Now you're just being disingenuous. I am certain that qualified individuals from the private sector and qualified individuals from the military both receive adequate training to operate their facilities

[–] NaibofTabr@infosec.pub 3 points 5 months ago

What's funny about this is that most of the qualified private sector individuals are former Navy personnel. The civilian nuclear industry loves to hire people with nuclear training from the Navy because they're already trained and experienced.

The Navy does operate a lot of nuclear reactors, and quite safely overall, but they also spend DoD money on building and maintaining them and training personnel for them.

[–] kalkulat@lemmy.world 2 points 5 months ago (1 children)

Way to start out with an ad hominem. Cheap too. Since you're 'certain' (and I know very well that's hard to come by for this sacred cow), your #1 reference?

[–] Forester@yiffit.net -3 points 5 months ago (1 children)

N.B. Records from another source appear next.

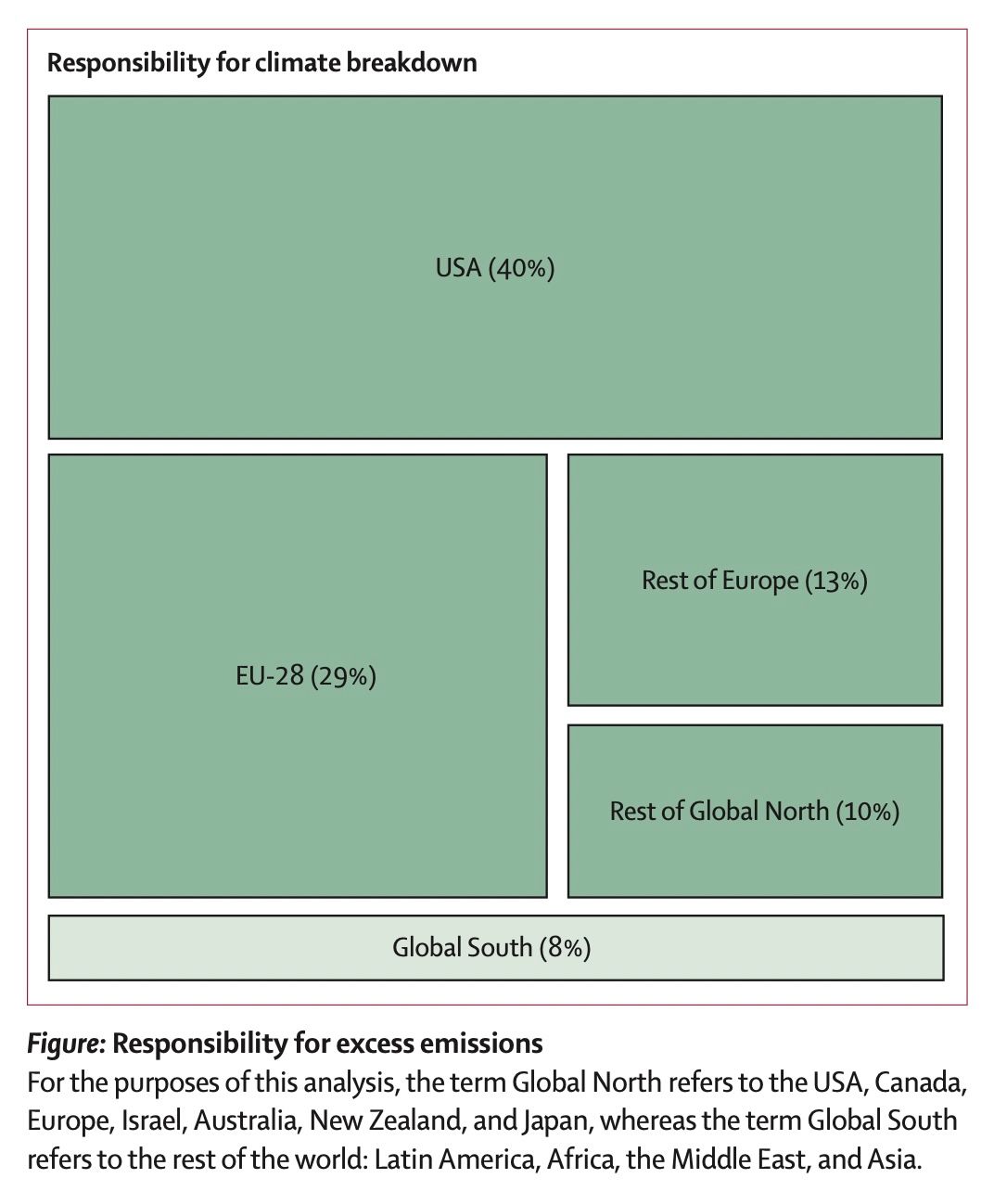 Over 80% of the responsibility for climate breakdown lies with the US and Europe. Over 90% is with what people call the 'Global North', but as it includes Australia, I'll just call them the global white supremacist minority. For short, 'these assholes'. These assholes were founded on the exploitation of land and people and they have not changed. Their colonial empires spread with massive deforestation, mining, killing and skinning animals, enslaving human beings, shipping, digging, consuming, more, more, more.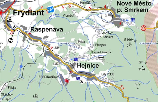 • Z Hejnic přes Lázně Libverda a Obří sud do Bílého potoka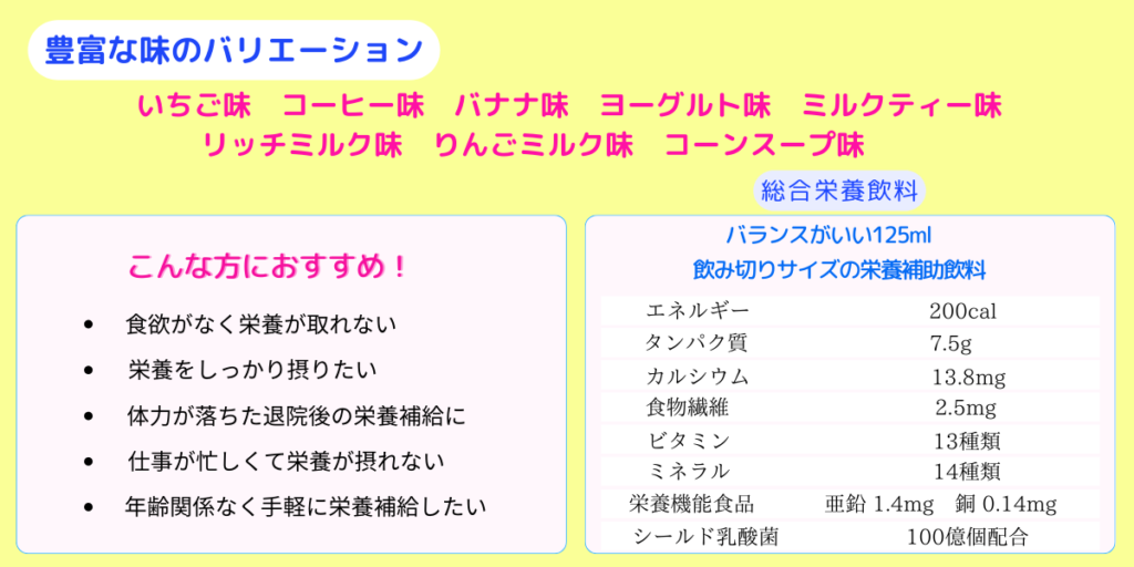 多彩なフレーバーには、いちご味・コーヒー味・バナナ味・ヨーグルト味・ミルクティー味・リッチミルク味・りんごミルク味・コーンスープ味があり、バランスの取れた飲み切りサイズ(125ml)で食欲がないときや栄養バランスが偏っているとき、退院後の体力回復が必要なとき、仕事が忙しくて食事の時間が取れないときでも、片手で簡単にバランスの良い栄養を摂取することができます。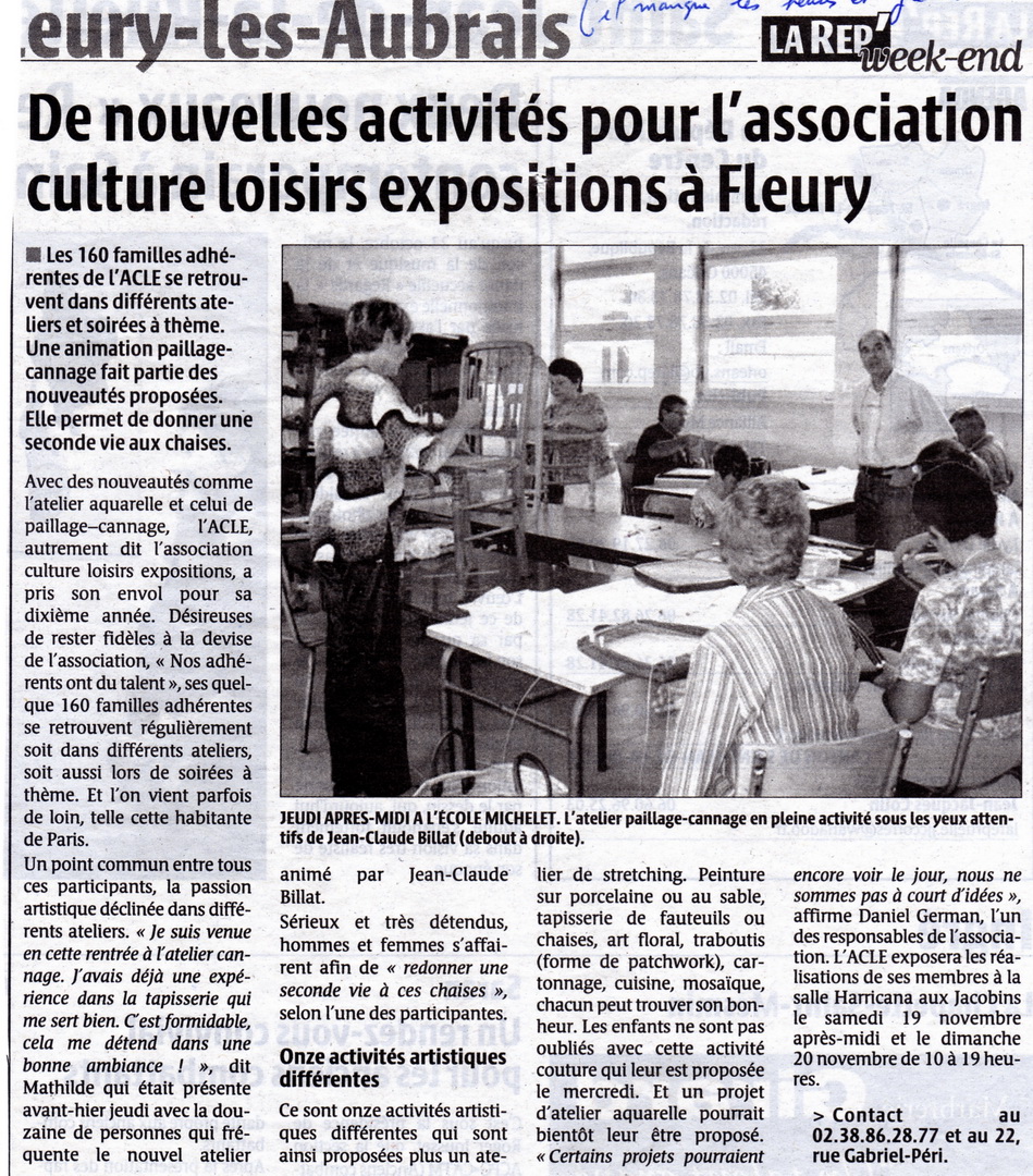 annonce la création de l'atelier paillage et cannage de Jean-Claude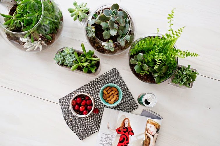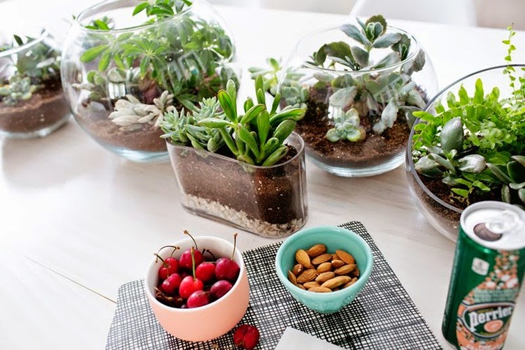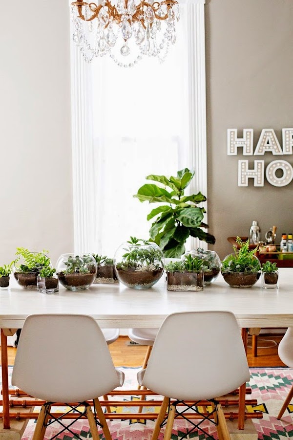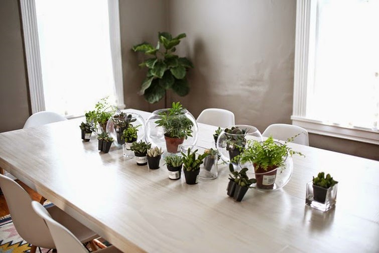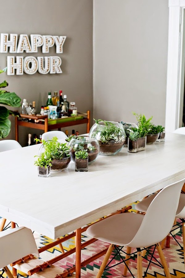 Buenos días! Empezamos la semana con muuuucho verde! Dos ideas para decorar una mesa en verano, por pocos euros, y que quedan de lo más llamativo. Lo cierto es que no somos mucho de plantas y se nos mueren casi todas, sin embargo, sí nos gustan para decorar y ese toque natural que aportan a los ambientes, sencillamente, es insustituible.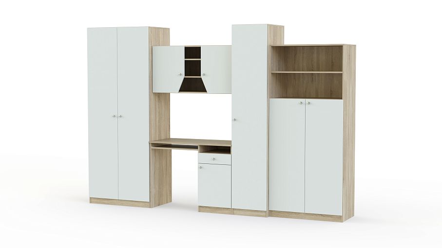 Нейтральная расцветка под массив светлого дуба, современный дизайн, оригинальная фурнитура – детская стенка Белла Р BMS непременно понравится подросткам. В комплекте письменный стол с тумбой и полкой для клавиатуры, навесной шкафчик, двухдверный одежный шкаф, пенал и комбинированный шкаф с открытыми полками и распашным отделением. Продуманная система обеспечит необходимым для учебы и досуга вещам удобное хранение. Благодаря лаконичной форме стенка легко впишется в интерьер.

If I called you stupid that would have been an ad hominem attack, I'm saying you're misrepresenting facts which would require intelligence. Therefore, disingenuous.

[–] kalkulat@lemmy.world 0 points 5 months ago

Poor governor of Georgia, one more in a long, long line.

I learned much of what I know about how facts are misrepresented by reading advertisements by the industry. Like the full-page regional newspaper ad along the lines of "One myth about nuclear power is ... instead the fact is this ... " back in the 1970s. Or my all-time favorite fact, one of the earliest: Safe, clean, 'too cheap to meter', said AEC chairman Lewis Strauss, in 1954.

Maybe it was catching? But the facts, like those countless millions of escaped curies, were invisible. Convenient.

This 14-year-old Fermi story might help: https://www.latimes.com/business/hiltzik/la-fi-hiltzik-detroit-nuclear-20161003-snap-story.html

[–] kalkulat@lemmy.world 0 points 5 months ago* (last edited 5 months ago)

Way to start out with an ad hominem. Cheap too. Since you're 'certain' (and I know that's hard to come by for this sacred cow), your #1 reference?